- _Aim of the exercise_
The answer is to be the lines below that lie between the line holding "Most common clinical" and the line holding "Le touriste n'est", inclusive, transcribed exactly and free of pictures.

Start of Available data

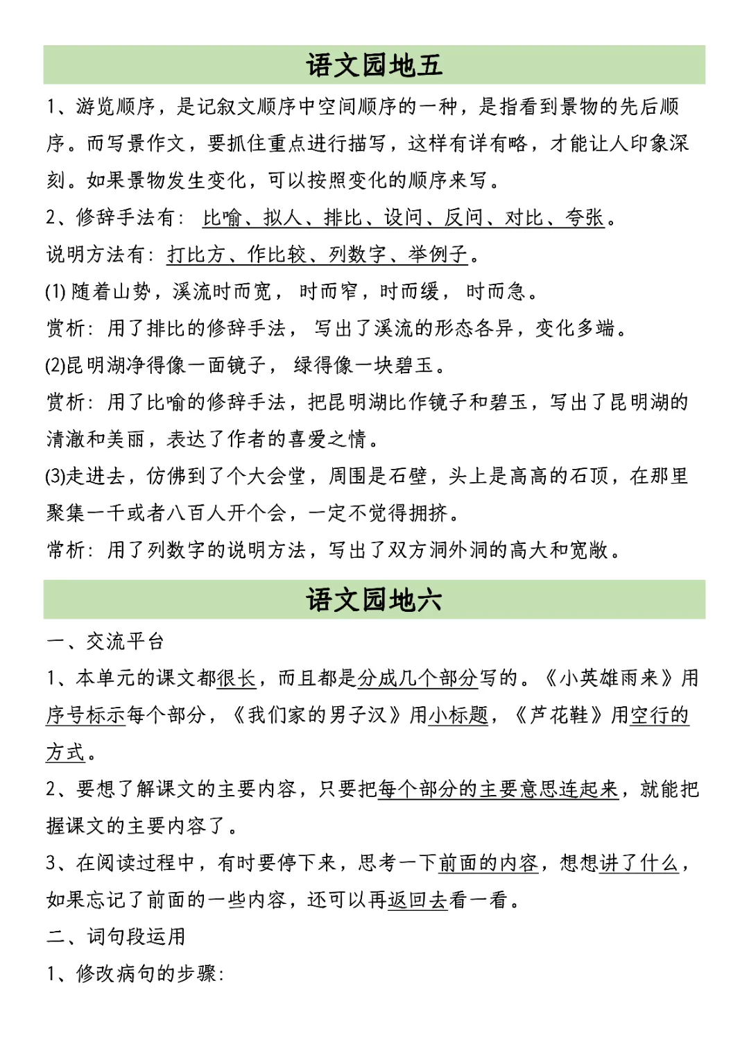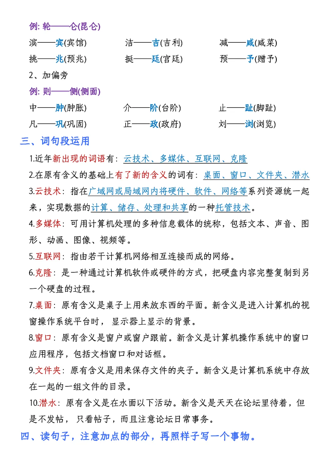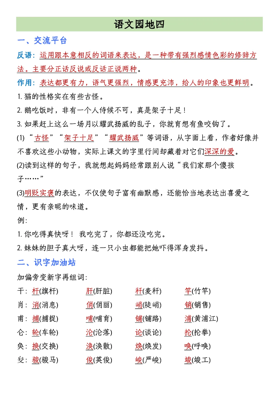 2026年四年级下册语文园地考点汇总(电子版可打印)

End of Available data
Start of Available data

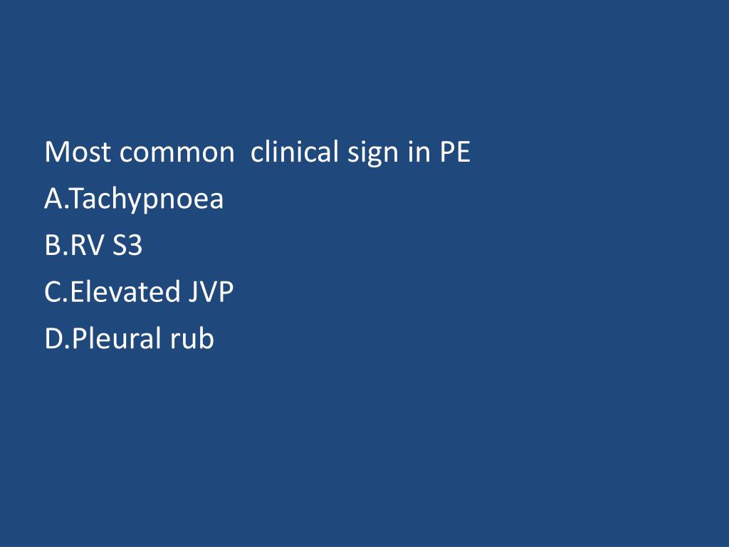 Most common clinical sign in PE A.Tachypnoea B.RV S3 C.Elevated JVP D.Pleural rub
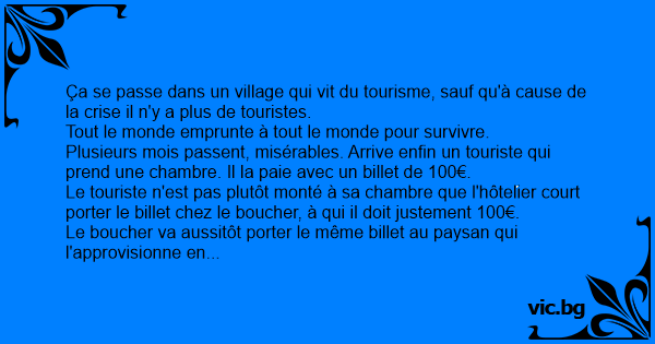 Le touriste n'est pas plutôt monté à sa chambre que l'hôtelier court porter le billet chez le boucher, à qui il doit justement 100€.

End of Available data

- _Written reply_
 Most common clinical sign in PE A.Tachypnoea B.RV S3 C.Elevated JVP D.Pleural rub
 Le touriste n'est pas plutôt monté à sa chambre que l'hôtelier court porter le billet chez le boucher, à qui il doit justement 100€.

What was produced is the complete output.